Both of the first two are good introductions for an intelligent layman, although they include a lot of info tangential to this discussion.
Finally, scads more info on the general state of this sort of research in japan, if that's what interests people, can be found here.
So, you can do one of several things if you want to produce organs for use in humans:
1) You can grow up an entire human (possibly with the gray matter destroyed, in order to be "humane") and then harvest it for the organs you want. This is the route of choice in the awful future of Shadowrun.
2) You can try and grow an organ in isolation in some kind of synthetic nutrient bath. Long story short: only works for skin or bone, move along.
3) You can genetically modify an animal so that it has organs that humans won't reject. This animal is "part human" in a more real sense than option 4 (which is what the japanese are proposing) because, basically by definition, it has human DNA in every single cell in it's body, so that the organ you want to donate to a human will produce proteins that cause your recipient to think that it's part of his own body.

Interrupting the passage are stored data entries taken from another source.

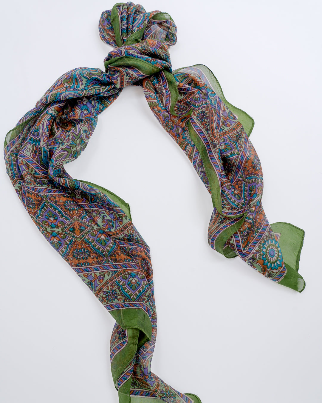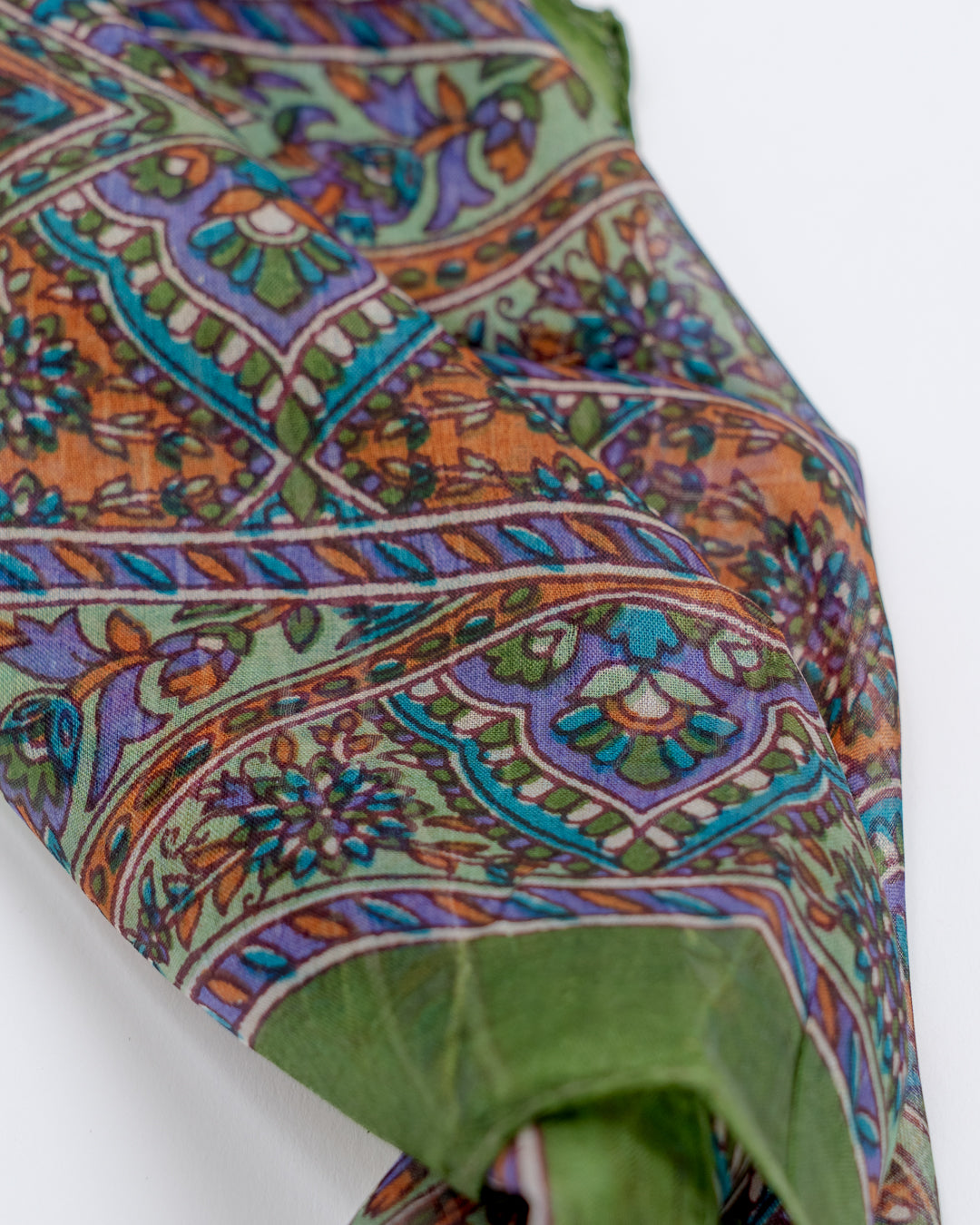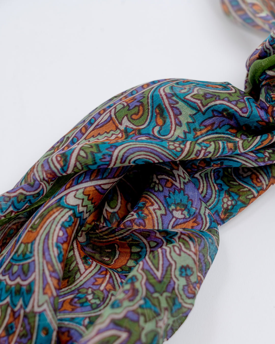Skjerf i lett silke som måler 170x50cm. Faller pent rundt halsen, og kan brukes året rundt. En fin detalj som løfter ethvert antrekk. Kan knytes på mange forskjellige måter, og varmer godt dersom du surrer det flere ganger rundt halsen.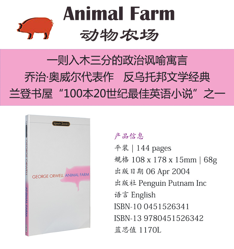 预售 动物农场庄园 英文原版Animal Farm George Orwell乔治奥威尔 经典文学名著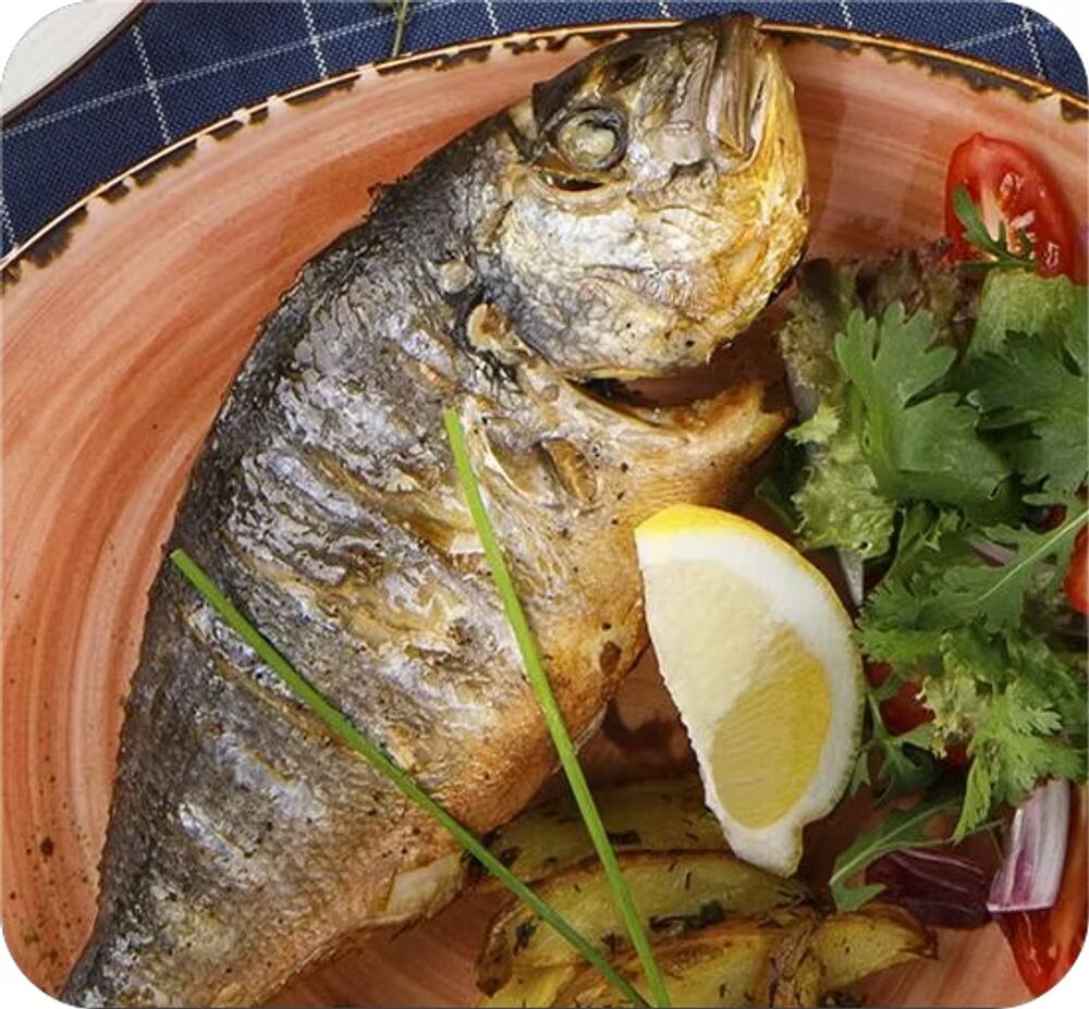 Дорадо, картофель по деревенски, лимон, томаты черри, зелень.
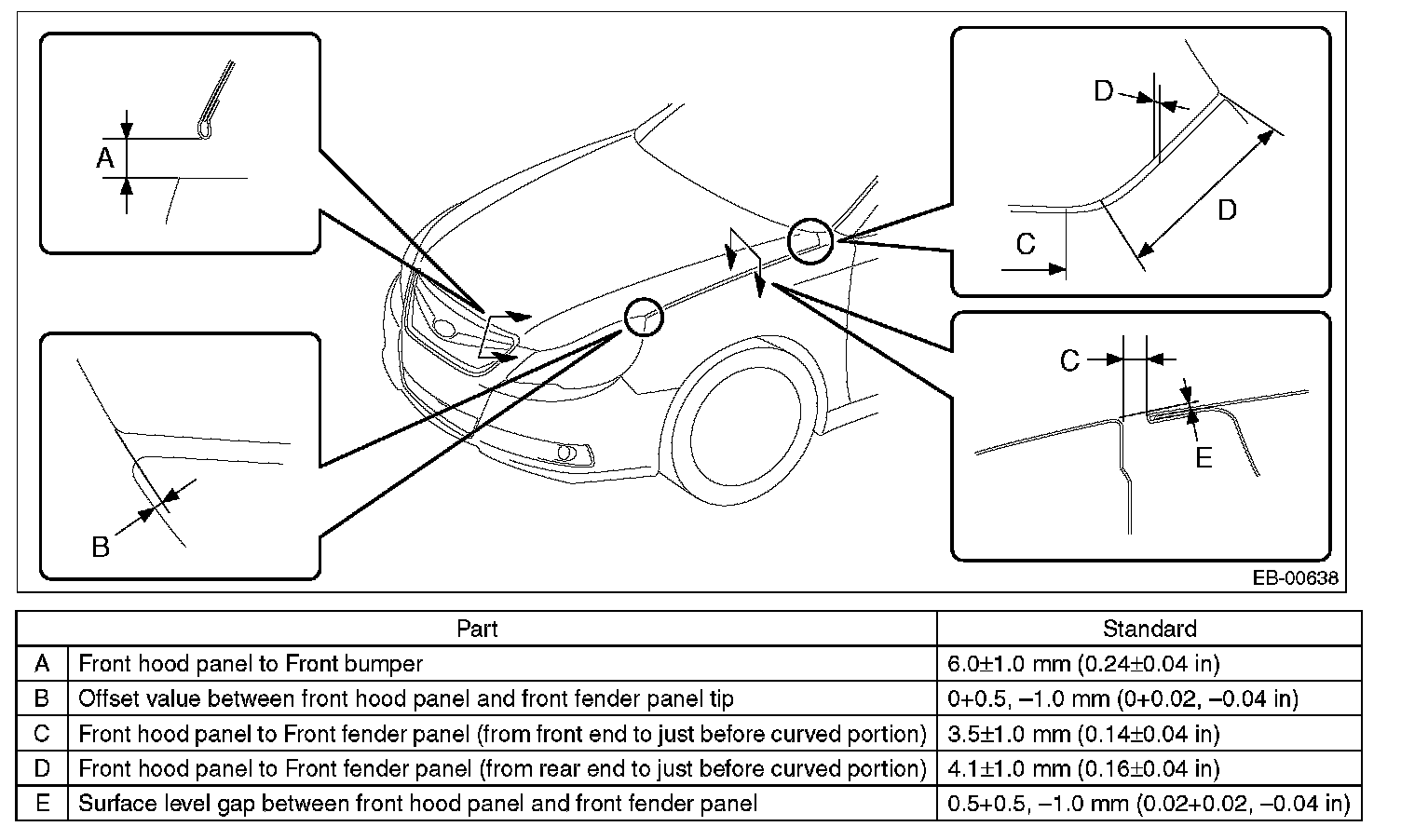Adjust the clearance around the front hood panel as follows.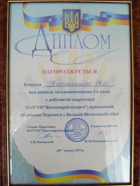 В квітні місяці 2011 року відповідно до затвердженого положення на базі Коростенського РЕМ проходили змагання шостої Робітничої спартакіади ПАТ „ЕК”Житомиробленерго”, приуроченої до свята Перемоги з восьми видів спорту (волейбол, міні-футбол, гирьовий спорт, настільний теніс, шахи, більярд, нарди, перетягування канату). У змаганнях цього року приймала участь рекордна кількість спортсменів – більше п’ятисот чоловік, що свідчить про неабияку популяризацію фізичної культури та спорту серед робітників та службовців Обленерго.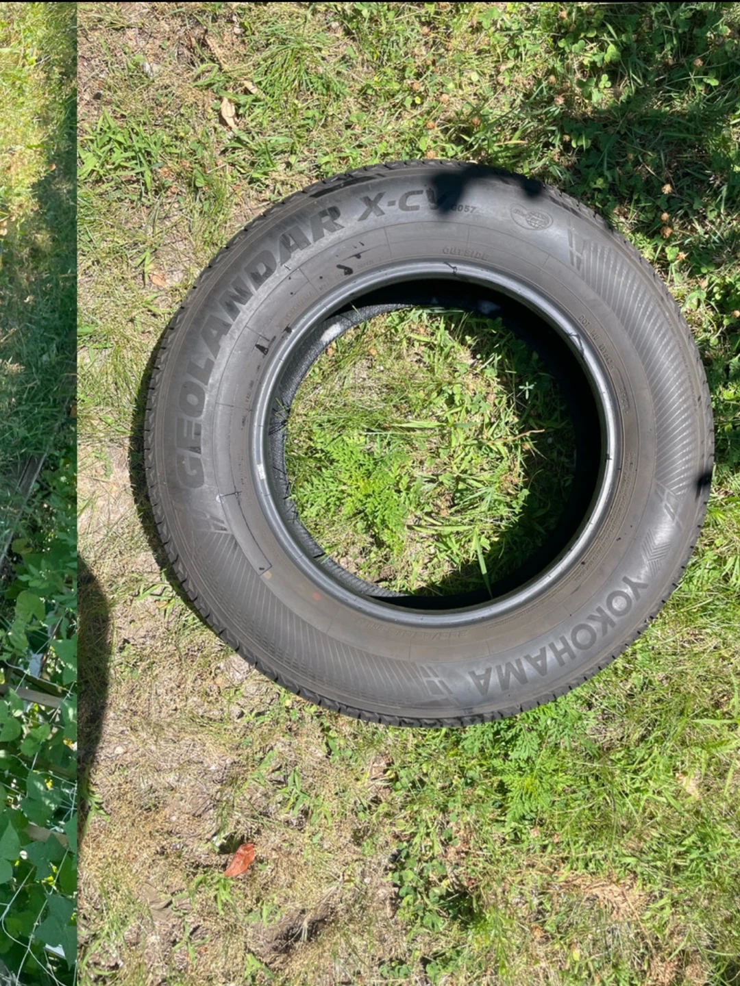 Selling a Yokohama Geolandar all season X-CV complete set of tires. It's in good condition and ready for a new vehicle! The tire is black. Used originally for 2024 Grand highlander
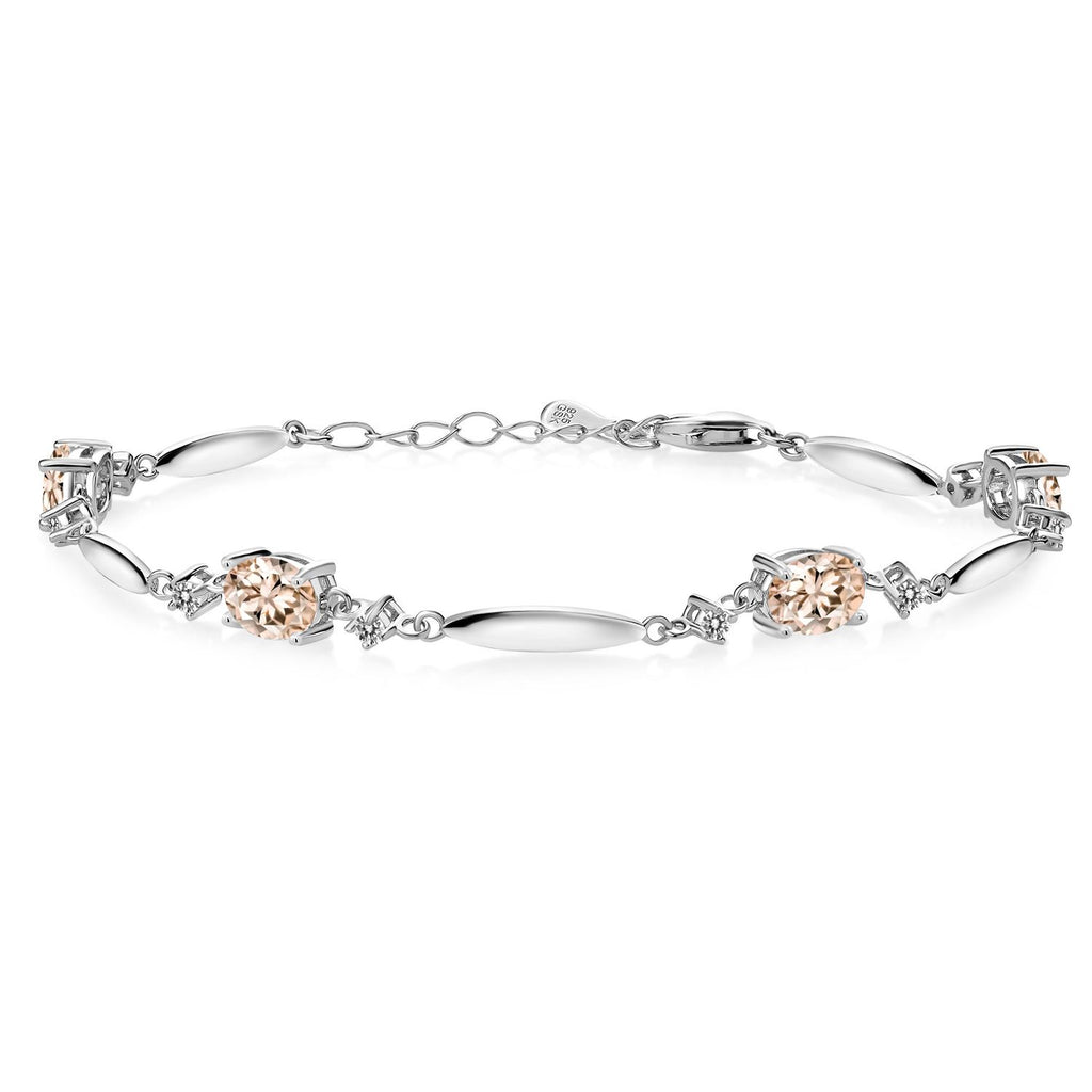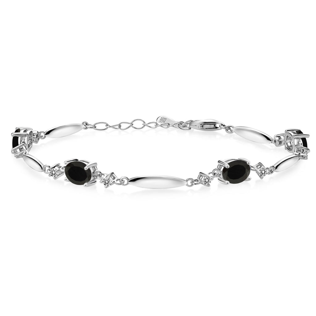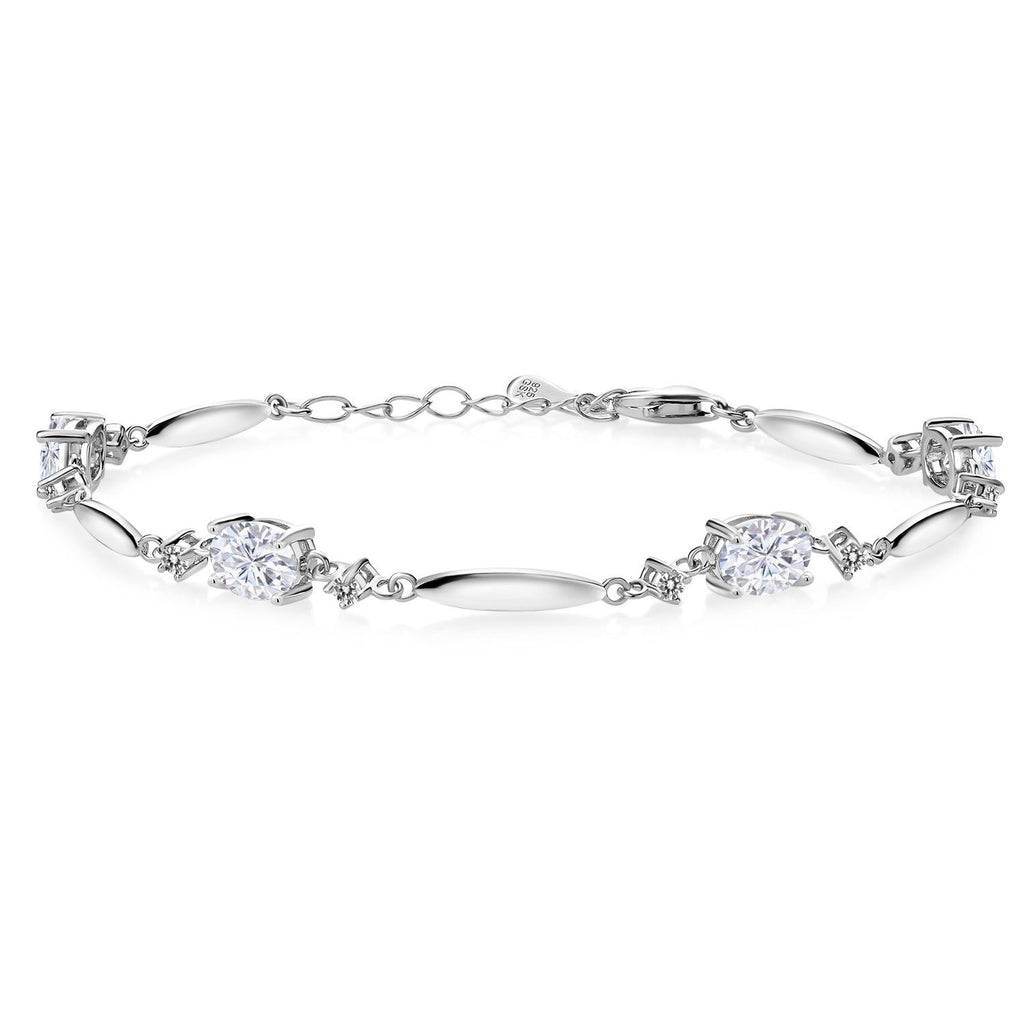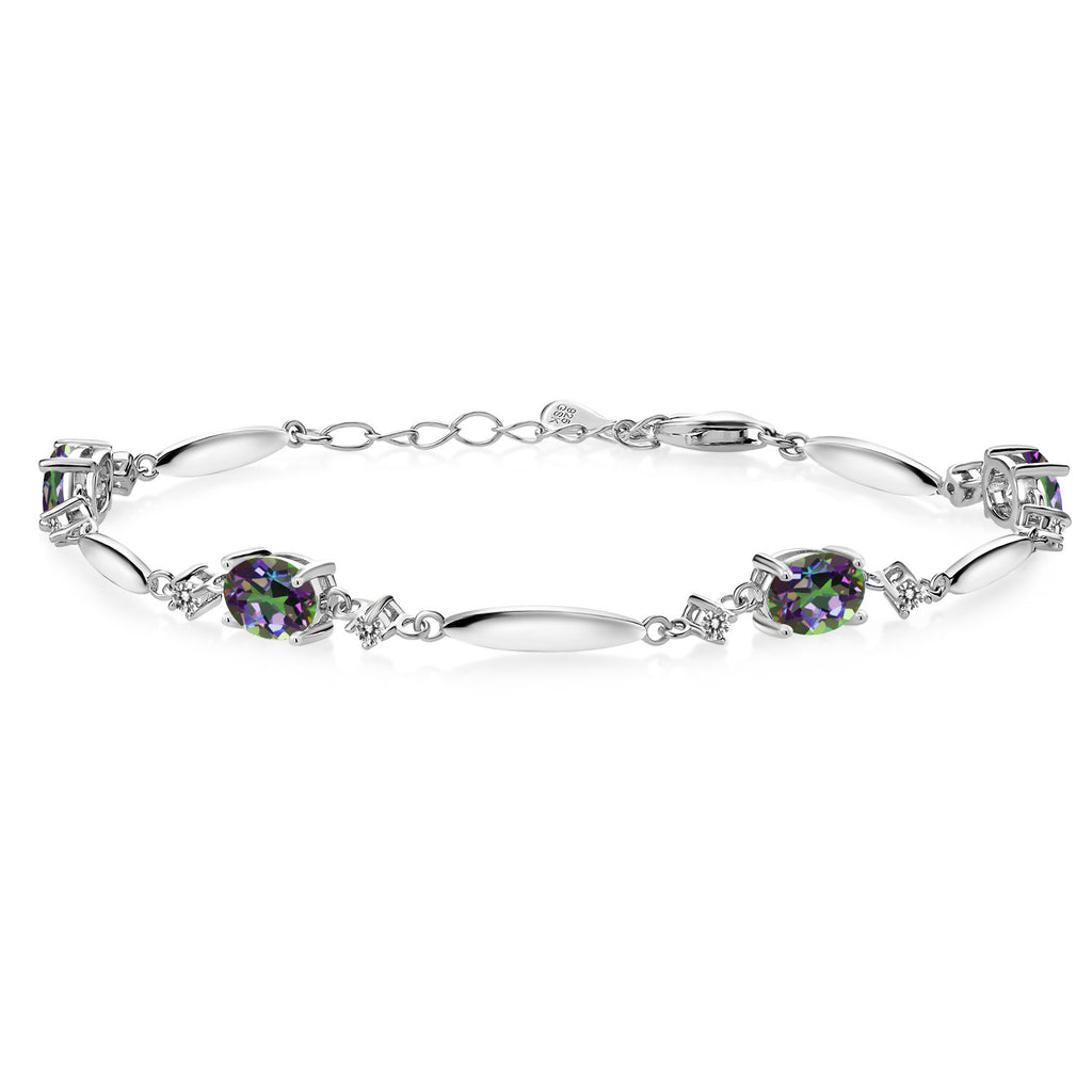 925 Sterling Silver Gemstone Birthstone and White Diamond Tennis Bracelet For Women | Oval 7X5MM and 2MM | 6 Inch + 1 Inch Extender | Fine Jewelry for Her Mom Wife

4) The Japanese proposition. In order to generate the environment which will cause a single human cell to become a human heart, you implant that cell into a babboon, in such a place and in such a way that it will grow into a heart. In this case, you're basically using the baboon as the "nutrient bath" from option 2. There are a whole host of technical hurdles (of course) but I wholeheartedly agree with the previous poster. This is actually less "bothersome" than option 3, and if there's a chance it will work, go for it.